If you’re 20, smoking will slow your recovery from injury.  If you’re 30, it increases your chance of breast cancer.  If you’re 40, smoking compromises the longevity of you heart, lungs, brain, kidney, bladder, etc.  And it gets worse as you get older.

Living in Myanmar is not good for a smoking habit.  Cigarettes are cheap, the ingredients are low quality, smoking is allowed most places, social stigma is rare, and public health campaigns are minimal.  As a doctor I find that everyone knows that smoking is bad.  Therefore my conversations with patients are usually about if, when, and how to stop smoking. 

The timing of quitting is dependent on both the willingness and the confidence of the smoker.  For example, I ask patients to tell me “On a scale 1 to 10, what is your desire to stop smoking?” and “On a scale of 1 to 10 what is your confidence in being able to stop?”  This helps us start the discussion.  An unwilling and non-confident person needs a reminder of the dangers of smoking.  Someone who wants to stop but has low confidence may need help creating a quit plan.

Doctors think about planning to stop smoking in two ways – physiologically and behaviorally.  First, the smoker is biochemically addicted to nicotine.  Each cigarette prevents the onset of physical and mental agitation.  We treat this addiction by adding up daily tobacco consumption and then offering a matching dose of replacement gum or patches.

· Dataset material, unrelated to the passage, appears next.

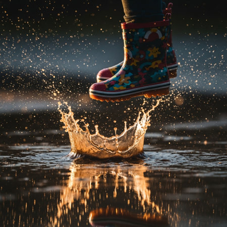 A joyful child jumps in a puddle, creating splashes with their colorful rain boots. The scene captures the essence of childhood fun on a rainy day.

At the same time the smoker is addicted to the process of smoking a cigarette.  Certain places and certain times trigger the desire for a cigarette.  We treat this addiction by changing daily behaviors.  The physical environment associated with smoking has to be altered.  This means moving the chair you smoke in, putting a photo of your kid in the car, visiting a different tea shop, or avoiding the shop that sells you cigarettes.  Ashtrays and lighters are thrown out.  Also we need to have alternative small pleasurable activities at the ready for the times when we usually smoke – cough drops, a game on the phone, a friend to call, a healthy snack.

I ask my patients to pick a quit date, which we circle on the calendar, and then tell to family, friends, co-workers, etc.  The hope is to create a sense of obligation that makes success more likely.  On the quit date everyone calls the patient to congratulate them on stopping smoking.

My patients have quit smoking for many reasons – knowing it’s bad, a lingering cough, pregnancy, social awkwardness, impotence, finances, putting kids at risk for asthma, failing organs, etc.  Usually it’s one of the hardest things they’ve ever done.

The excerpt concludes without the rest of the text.